What follows is a set of entries. Give them again exactly, without the pictures.

START SUPPLIED DATA

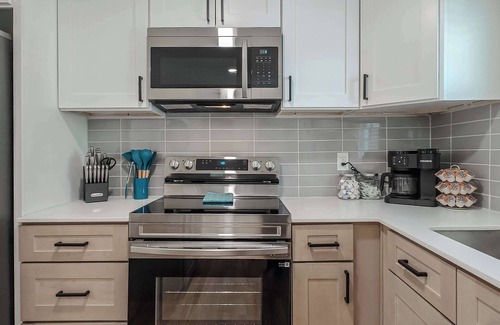 This entire 2-story home just underwent a complete remodel! New kitchen, bathrooms and laundry room await for you to enjoy. Large open living area flows into a kitchen that is fully-stocked with everything you will need to cook a home-cooked meal. If cooking on vacation isn't your thing, there are many wonderful restaurants in close proximity. Enjoy watching your favorite streaming shows or the big game on the 65" Smart TV in the living room. One bedroom with a queen-sized bed is on the lower level. Primary upper level bedroom has a king-sized bed and 55" Smart TV. It also features an ensuite bathroom with double sinks and beautifully tiled walk-in shower. Second upstairs bedroom boasts a 55" Smart TV, work desk and a private deck to enjoy a cup of coffee with the sunrise or a martini in the warm evening. There is a second full bathroom in the upstairs hallway with a new bathtub/shower. The main level laundry room has brand-new large capacity washer & dryer, large countertop for folding and ironing board/iron. Exterior home features include a large circle driveway for easy parking, dining room table seating for 6 and comfortable rocking chairs. Backyard features include adirondack chairs, fire pit and grill. Our home has lightning fast 2-Gig Fiber WiFi. **Fireplace shown is not operable.
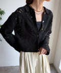 甘くなりがちなレースを、シャツライクな襟デザインと前開き仕様にすることで、
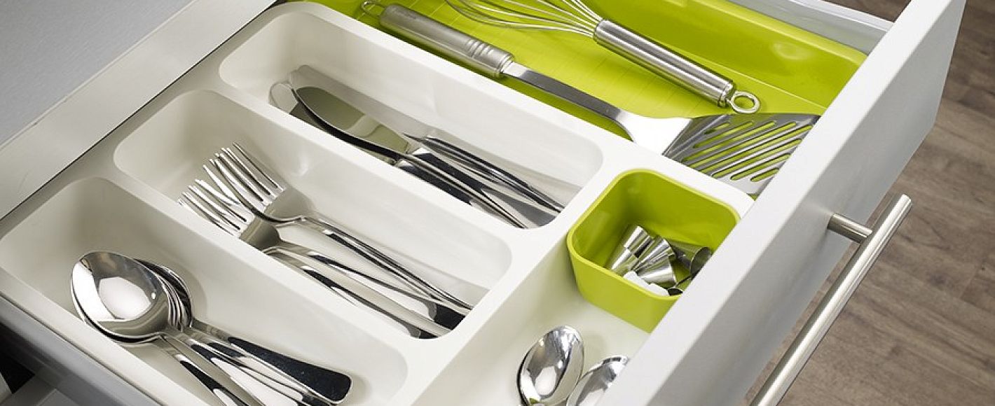 Главное правило хорошего дизайна – предмет должен быть функциональным и при этом красивым, а в случае хранения столовых приборов «боль» вызывает вода, которая непременно стекает с них после мытья. С этой проблемой отлично справляются органайзеры в виде «слонов» или других животных, так как из-за своей конструкции здесь предусмотрено отведение влаги.
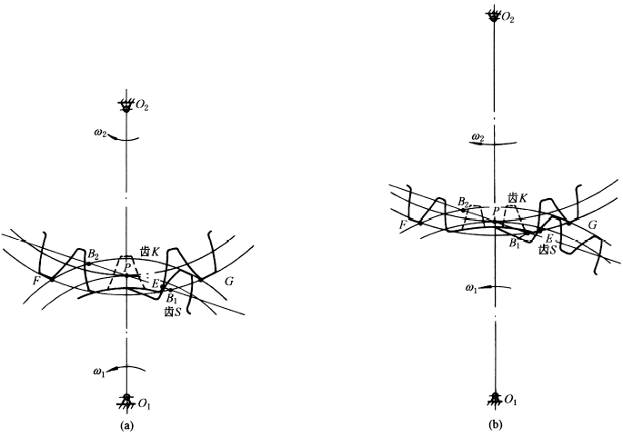 末对齿:末对齿啮合至B2点时,因无后续齿所以并不立即脱啮,而以主动齿顶尖角与从动末齿根部啮合,经圆弧段 中间各对齿开始啮合于B1点,终止啮合于B2点 仅由一对齿啮合来完成一次间歇运动时,啮合轨迹的前半段EB1P(或EP)与首对齿的前半段相同;后半段PB2F与末对齿的后半段相同 同时看到,由于啮合轨迹较长,每次间歇运动中,从动轮所转过的角度较大,其中包含的周节数为z2 z2= z1-1+K 式中 z1—— 一次间歇运动中,主动轮转过的齿数; K—— 锁止弧覆盖部分所包含的周节数加上0.5,一般K取整数。当z1=1时,从动轮每次转过K个周节 |
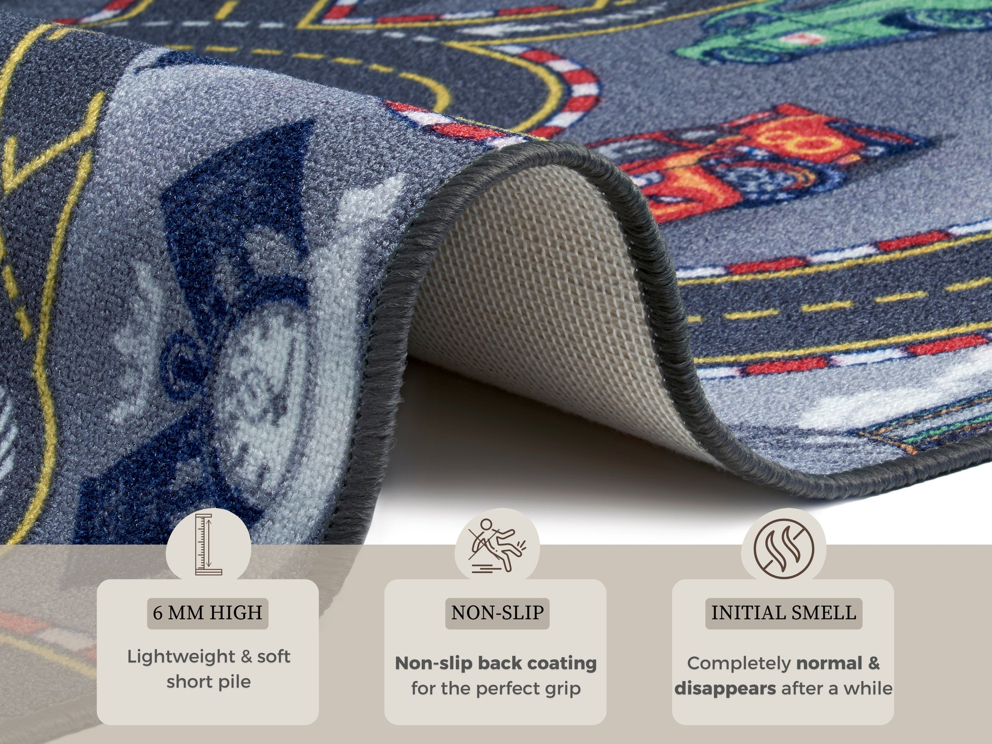 Tæppets design er farverigt og fantasifuldt, med mønstre og billeder, der tilskynder til legende udforskning og stimulerer barnets fantasi. Fremstillet af polyamid, tilbyder tæppet en holdbar løsning, der modstår slid og let kan rengøres, hvilket gør det velegnet til børneværelser og legeområder.
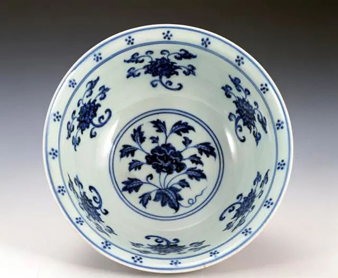景德镇窑青花缠枝莲纹碗。(明宣德,上海博物馆藏)
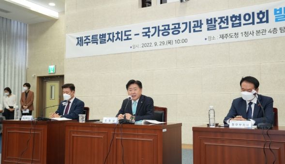 이어 “민선8기 제주도정의 주요공약인 제주형 기초자치단체 도입, 상장기업 20개 육성‧유치, 15분 도시, 그린수소 글로벌 허브 구축 모두 국가공공기관과 연계돼 있다”면서 “제주도와 국가공공기관이 협력해나가면 제주발전의 동력으로 작용해 큰 성과를 낼 수 있을 것”이라고 강조했다.
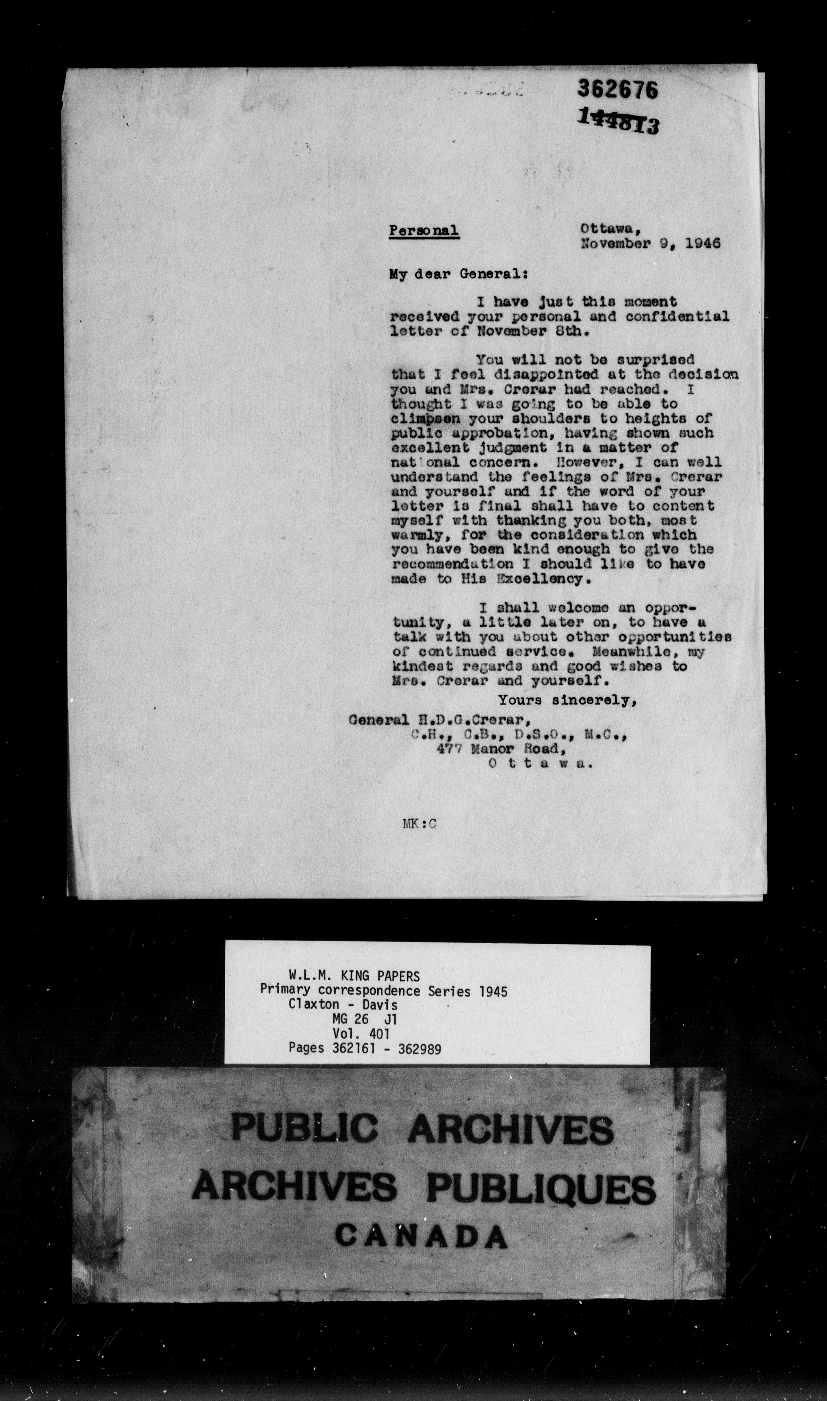 William Lyon Mackenzie King : Primary series correspondence (J1) - 9168
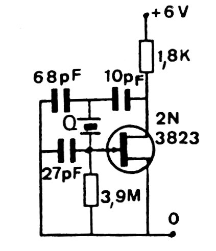 This configuration reaches a few tens of megahertz depending on the crystal and the FET. Capacitors must be ceramic. The FET admits equivalents.
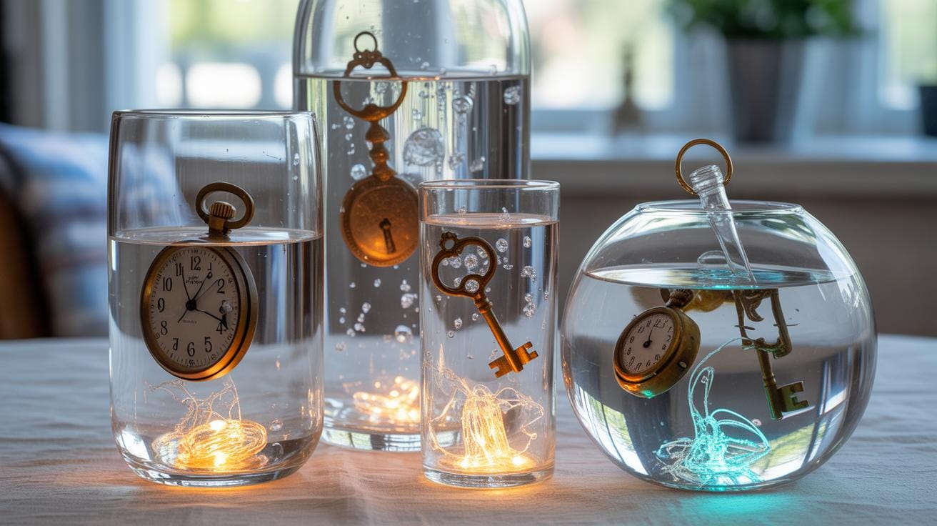 To successfully create sunken antique centerpieces, ensure your items are heavy enough to stay grounded. If an object is buoyant, use clear floral adhesive or thin fishing line to secure it to a decorative stone base. To protect the glass vessel, gently lower metal antiques using tongs rather than dropping them. Always clean your antiques thoroughly before submersion to prevent debris from clouding the water or affecting the LED glow.

END SUPPLIED DATA

[YOUR SOLUTION]
 This entire 2-story home just underwent a complete remodel! New kitchen, bathrooms and laundry room await for you to enjoy. Large open living area flows into a kitchen that is fully-stocked with everything you will need to cook a home-cooked meal. If cooking on vacation isn't your thing, there are many wonderful restaurants in close proximity. Enjoy watching your favorite streaming shows or the big game on the 65" Smart TV in the living room. One bedroom with a queen-sized bed is on the lower level. Primary upper level bedroom has a king-sized bed and 55" Smart TV. It also features an ensuite bathroom with double sinks and beautifully tiled walk-in shower. Second upstairs bedroom boasts a 55" Smart TV, work desk and a private deck to enjoy a cup of coffee with the sunrise or a martini in the warm evening. There is a second full bathroom in the upstairs hallway with a new bathtub/shower. The main level laundry room has brand-new large capacity washer & dryer, large countertop for folding and ironing board/iron. Exterior home features include a large circle driveway for easy parking, dining room table seating for 6 and comfortable rocking chairs. Backyard features include adirondack chairs, fire pit and grill. Our home has lightning fast 2-Gig Fiber WiFi. **Fireplace shown is not operable.
 甘くなりがちなレースを、シャツライクな襟デザインと前開き仕様にすることで、
 Главное правило хорошего дизайна – предмет должен быть функциональным и при этом красивым, а в случае хранения столовых приборов «боль» вызывает вода, которая непременно стекает с них после мытья. С этой проблемой отлично справляются органайзеры в виде «слонов» или других животных, так как из-за своей конструкции здесь предусмотрено отведение влаги.
 末对齿:末对齿啮合至B2点时,因无后续齿所以并不立即脱啮,而以主动齿顶尖角与从动末齿根部啮合,经圆弧段 中间各对齿开始啮合于B1点,终止啮合于B2点 仅由一对齿啮合来完成一次间歇运动时,啮合轨迹的前半段EB1P(或EP)与首对齿的前半段相同;后半段PB2F与末对齿的后半段相同 同时看到,由于啮合轨迹较长,每次间歇运动中,从动轮所转过的角度较大,其中包含的周节数为z2 z2= z1-1+K 式中 z1—— 一次间歇运动中,主动轮转过的齿数; K—— 锁止弧覆盖部分所包含的周节数加上0.5,一般K取整数。当z1=1时,从动轮每次转过K个周节 |
 Tæppets design er farverigt og fantasifuldt, med mønstre og billeder, der tilskynder til legende udforskning og stimulerer barnets fantasi. Fremstillet af polyamid, tilbyder tæppet en holdbar løsning, der modstår slid og let kan rengøres, hvilket gør det velegnet til børneværelser og legeområder.
景德镇窑青花缠枝莲纹碗。(明宣德,上海博物馆藏)
 이어 “민선8기 제주도정의 주요공약인 제주형 기초자치단체 도입, 상장기업 20개 육성‧유치, 15분 도시, 그린수소 글로벌 허브 구축 모두 국가공공기관과 연계돼 있다”면서 “제주도와 국가공공기관이 협력해나가면 제주발전의 동력으로 작용해 큰 성과를 낼 수 있을 것”이라고 강조했다.
 William Lyon Mackenzie King : Primary series correspondence (J1) - 9168
 This configuration reaches a few tens of megahertz depending on the crystal and the FET. Capacitors must be ceramic. The FET admits equivalents.
 To successfully create sunken antique centerpieces, ensure your items are heavy enough to stay grounded. If an object is buoyant, use clear floral adhesive or thin fishing line to secure it to a decorative stone base. To protect the glass vessel, gently lower metal antiques using tongs rather than dropping them. Always clean your antiques thoroughly before submersion to prevent debris from clouding the water or affecting the LED glow.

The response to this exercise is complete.